*** Raw data ***
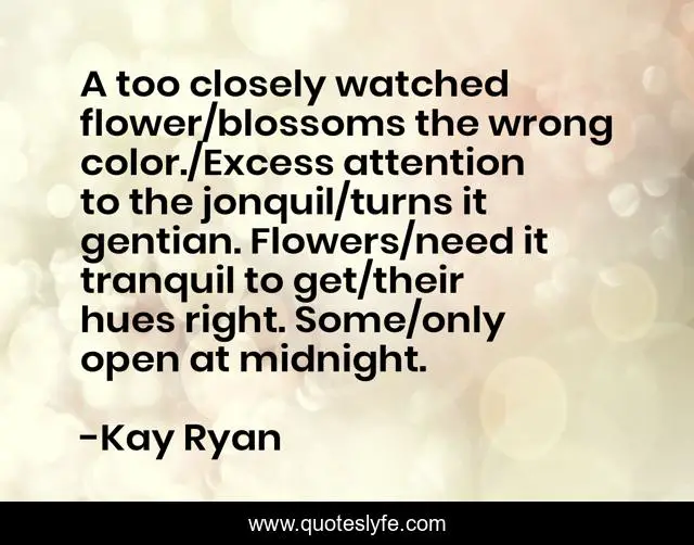 This page presents the quote "A too closely watched flower/blossoms the wrong color./Excess attention to the jonquil/turns it gentian. Flowers/need it tranquil to get/their hues right. Some/only open at midnight.". Author of this quote is Kay Ryan. .
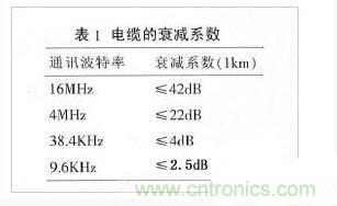 導(dǎo)線的電阻對(duì)信號(hào)的影響很小,可以忽略不計(jì)。電纜的分布電容C主要是由雙絞線的兩條平行導(dǎo)線產(chǎn)生。信號(hào)的損失主要是由于電纜的分布電容和分布電感組成的LC低通濾波器。通訊波特率越高,信號(hào)衰減也會(huì)越大。常規(guī)電纜的衰減系數(shù)見(jiàn)表1。
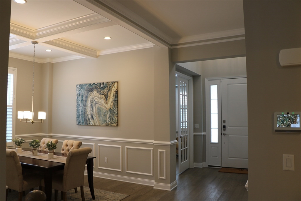 Located in Regency at Glen Ellen, a premier 55+ active adult community, this detached luxury home backs to conservation land, offering privacy and wooded views. The home features 3 bedrooms and 3 full baths, open-concept living, and a chef’s kitchen with luxury appliances. Additionally it boasts an office, laundry room, upper-level loft, and bonus room. Large windows and ceilings fill the home with natural light. The central kitchen showcases a generous island and opens to the vaulted living room, with a dramatic two-story custom shiplap fireplace. The first-floor primary suite offers a luxurious bathroom and expansive walk-in closet. Enjoy the outdoors with a covered screened porch and a newly installed patio. Extensive upgrades include engineered hardwood throughout, epoxy-coated garage floor, freshly painted walls, crown and wall moldings, coffered ceilings, built-in office shelving, and a whole-house generator! Residents enjoy resort-style amenities and a vibrant social calendar.
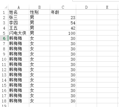这样就可以正常了,如果你的Excel列更多,可以适当调整宽度和高度。得到的结果如下
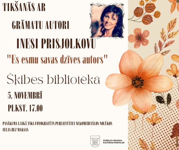 5. novembrī plkst. 17.00 Šķibes bibliotēka aicina uz īpašu tikšanos ar grāmatu autori Inesi Prisjolkovu. Sarunas centrā būs tēma "Es esmu savas dzīves autors" - par spēju apzināties, veidot un dzīvot savu dzīvi ar jēgu un iekšēju spēku.
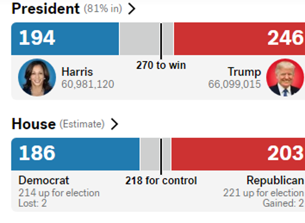Former President Donald Trump is on his way to the White House again with remaining votes in Pennsylvania not enough to lead to Harris taking a state that is looking essential for a road to the White House for the Democrats. With Pennsylvania lost Associated Press has just called the election for Trump. EUR/USD is now 1.9% lower and we see scope for this drop to extend further lower from here. If anything this election result is looking closer to a landslide relative to how close this election was anticipated to be. The figures look to be showing Trump winning over 300 electoral college votes that will be a huge endorsement of the policies he has been campaigning on. Trump won 304 electoral college votes in 2016 but a key difference in 2024 is that Trump is on track to win the popular vote which will reinforce Trump’s determination to implement the policies he campaigned on. We are reportedly going to hear from Tump soon which may come prior to an official call on his victory but that won’t matter on this occasion. Harris has indicated she will not speak to the nation until tomorrow when she will of course be conceding defeat.
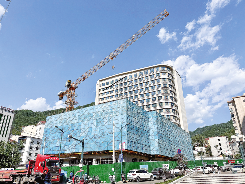 8月13日,柞水县人民医院门诊医技楼综合项目正在建设中。据了解,该项目集门诊、检验、体检、康复等多功能于一体,建成后可更高效满足群众多样化就医需求。 (本报记者 谢 非 摄)
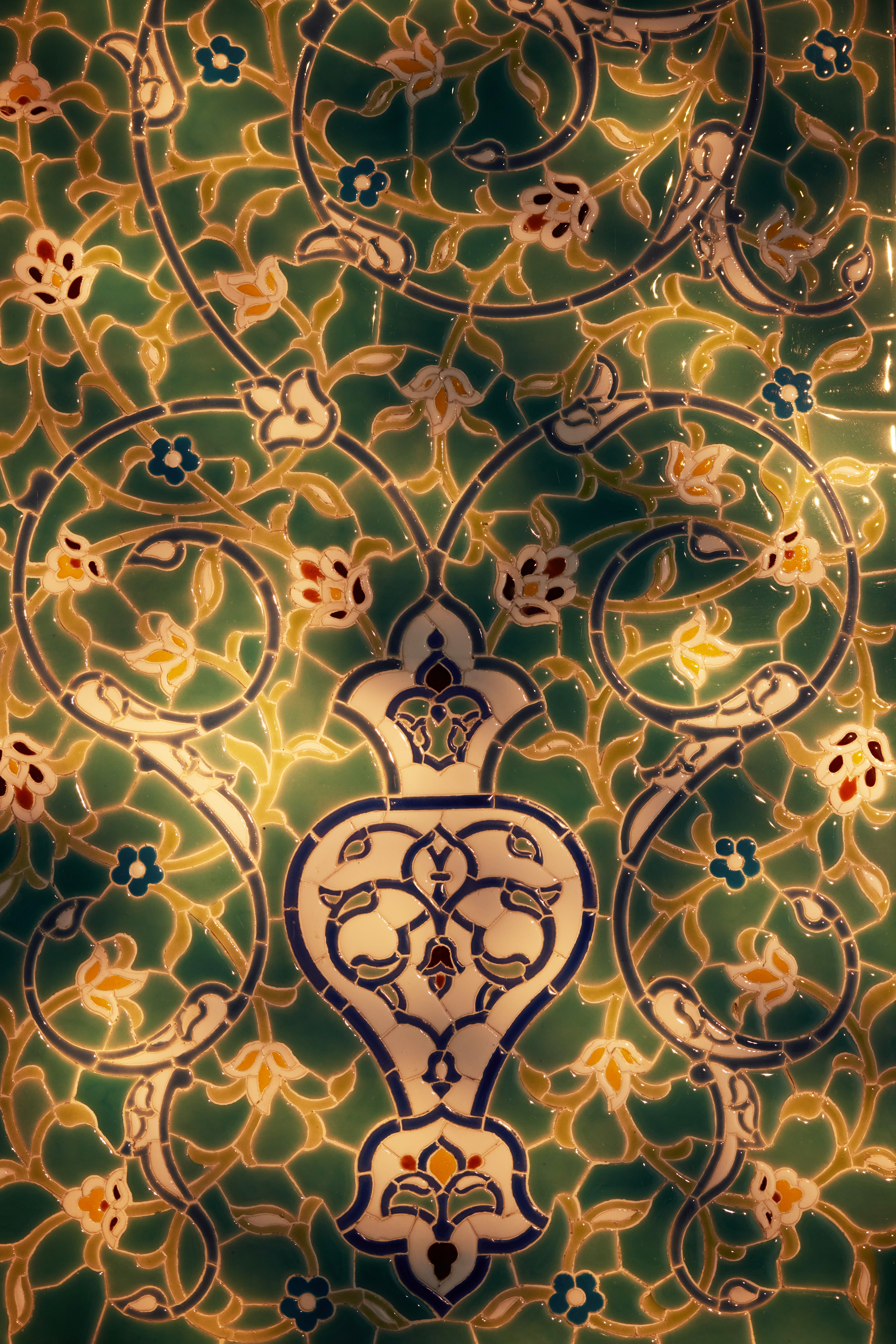 The upper section is adorned with a geometric lattice pattern, adding contrast and depth, while the central field remains fluid and organic. At the base, an ornamental motif anchors the design, completing the vertical composition with a sense of symmetry and refinement.
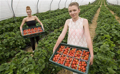 Depuis vingt ans, un heureux fournisseur détient en effet le monopole de la fraise officielle de Wimbledon : la Hugh Lowe Farm de Mereworth, dans le Kent. Là, trente-cinq cueilleurs spécialement réunis pour la durée du tournoi arpentent quotidiennement une section de l’exploitation allant de cinq à dix hectares, entièrement dédiée aux fraises de la variété Elsanta, lesquelles doivent passer avec succès le test de la couleur – un rouge écarlate uniformément réparti – et de la texture – une petite cuillère doit, dit-on, pouvoir les trancher sans les réduire en bouillie – avant d’être conditionnées.
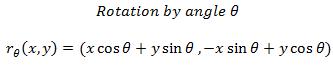 A rotation is defined by a fixed point and a constant angle of rotation. In a rotation, every point on an object is transformed about the same fixed point (x,y) and the same rotation angle.
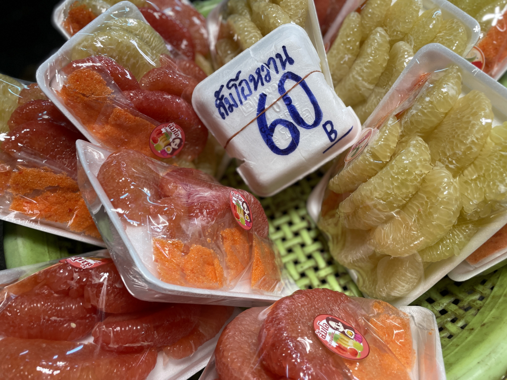 Thai pomelo, or grapefruit, is less sour and more floral than its Western counterpart. Vendors peel and section it beautifully, ready to eat on the go.
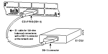 To connect a CE1/PRI-B (120-ohm) module, use the appropriate cable to connect the CE1/PRI-B port to an E1 CSU. (See Figure 12, Figure 13, and Figure 14, showing DB-15, Twinax, and RJ-45 CSUs respectively.)
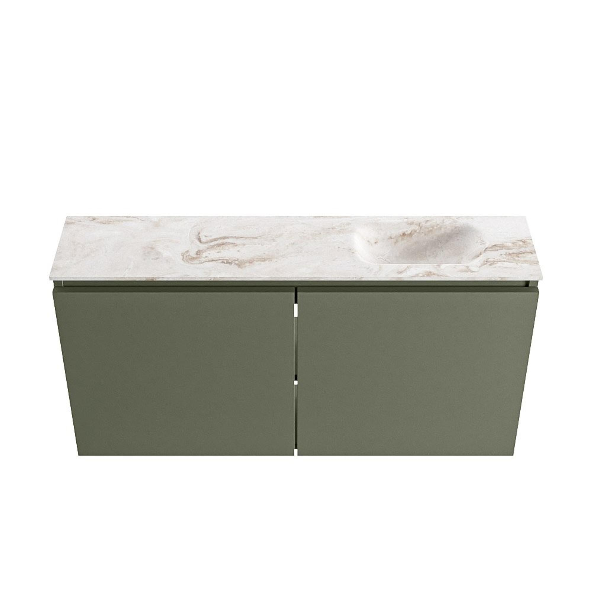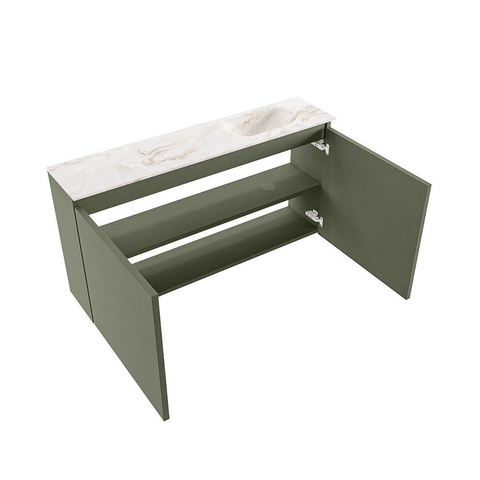 MONDIAZ TURE-DLUX Meuble de toilette 100cm Army. EDEN vasque Frappe position droite. Avec 1 trou de robinet.
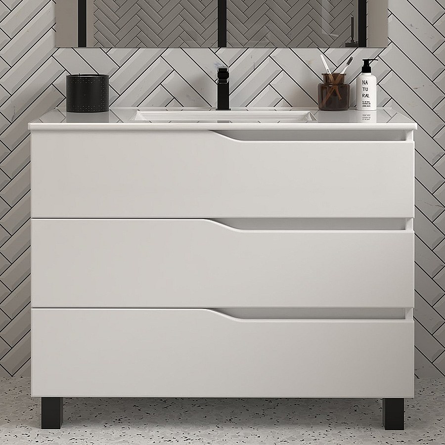Meuble de salle de bain 90cm simple vasque - 3 tiroirs - sans miroir - blanc - MATA
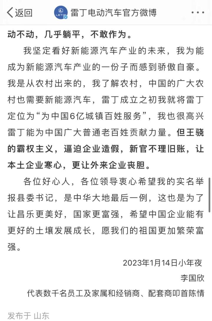 雷丁汽车老板出镜举报县委书记,潍坊回应
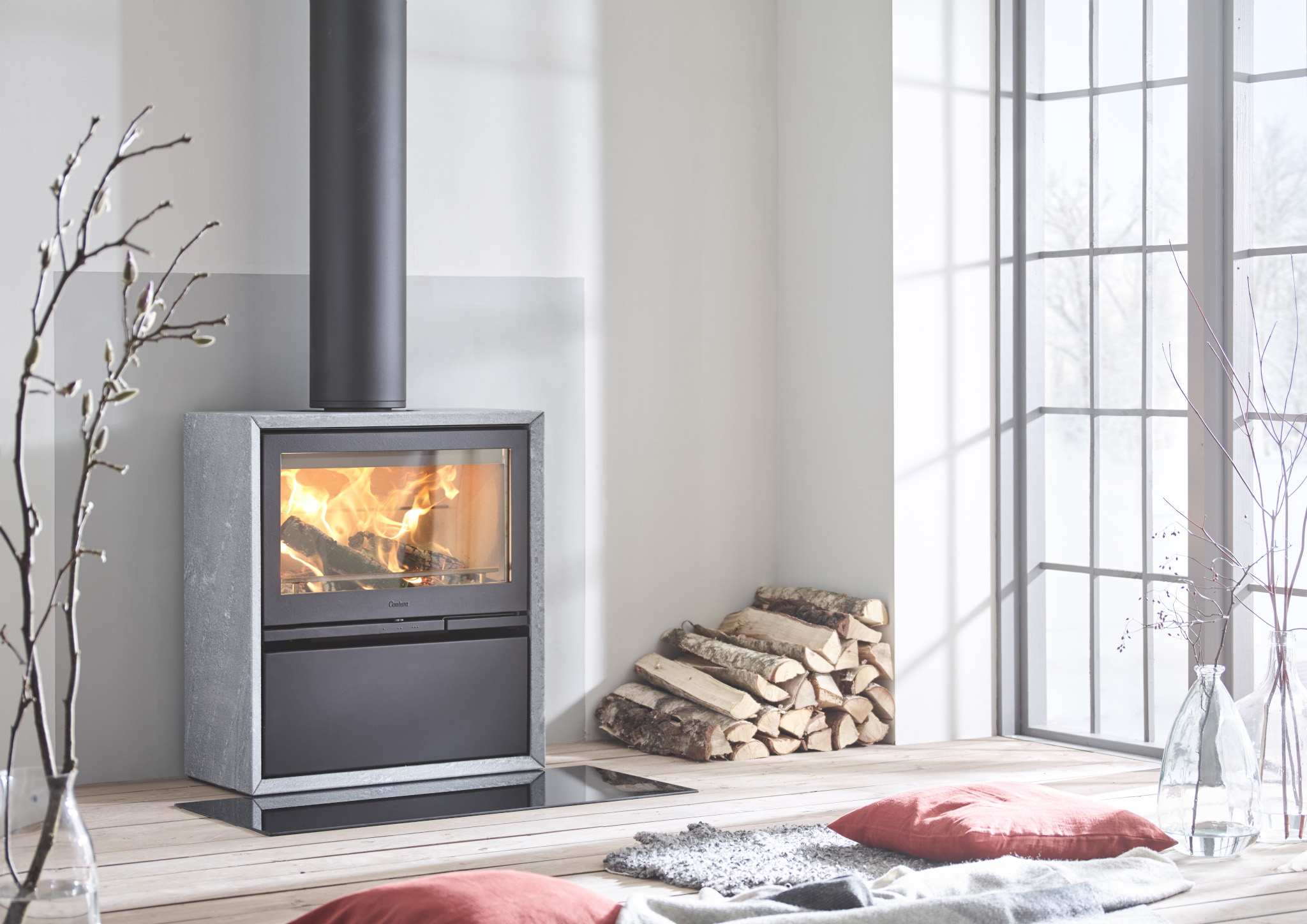 Die spezielle Struktur des Specksteins ermöglicht es ihm, die Wärme über einen langen Zeitraum aufzunehmen und diese dann langsam und gleichmäßig an den Raum abzugeben. Dies führt zu einer angenehmen Raumtemperatur auch Stunden nach dem Erlöschen des Feuers. Der Contura 320T ist somit nicht nur ein effizienter Wärmespender, sondern auch ein Energieeffizienz förderndes Element in Ihrem Zuhause.
*** End of Raw data ***
What you have to do
Print from the line containing "Former President Donald" through the line containing "The upper section" in the data above, exactly as the lines stand, and omit every picture.

Answer section
Former President Donald Trump is on his way to the White House again with remaining votes in Pennsylvania not enough to lead to Harris taking a state that is looking essential for a road to the White House for the Democrats. With Pennsylvania lost Associated Press has just called the election for Trump. EUR/USD is now 1.9% lower and we see scope for this drop to extend further lower from here. If anything this election result is looking closer to a landslide relative to how close this election was anticipated to be. The figures look to be showing Trump winning over 300 electoral college votes that will be a huge endorsement of the policies he has been campaigning on. Trump won 304 electoral college votes in 2016 but a key difference in 2024 is that Trump is on track to win the popular vote which will reinforce Trump’s determination to implement the policies he campaigned on. We are reportedly going to hear from Tump soon which may come prior to an official call on his victory but that won’t matter on this occasion. Harris has indicated she will not speak to the nation until tomorrow when she will of course be conceding defeat.
 8月13日,柞水县人民医院门诊医技楼综合项目正在建设中。据了解,该项目集门诊、检验、体检、康复等多功能于一体,建成后可更高效满足群众多样化就医需求。 (本报记者 谢 非 摄)
 The upper section is adorned with a geometric lattice pattern, adding contrast and depth, while the central field remains fluid and organic. At the base, an ornamental motif anchors the design, completing the vertical composition with a sense of symmetry and refinement.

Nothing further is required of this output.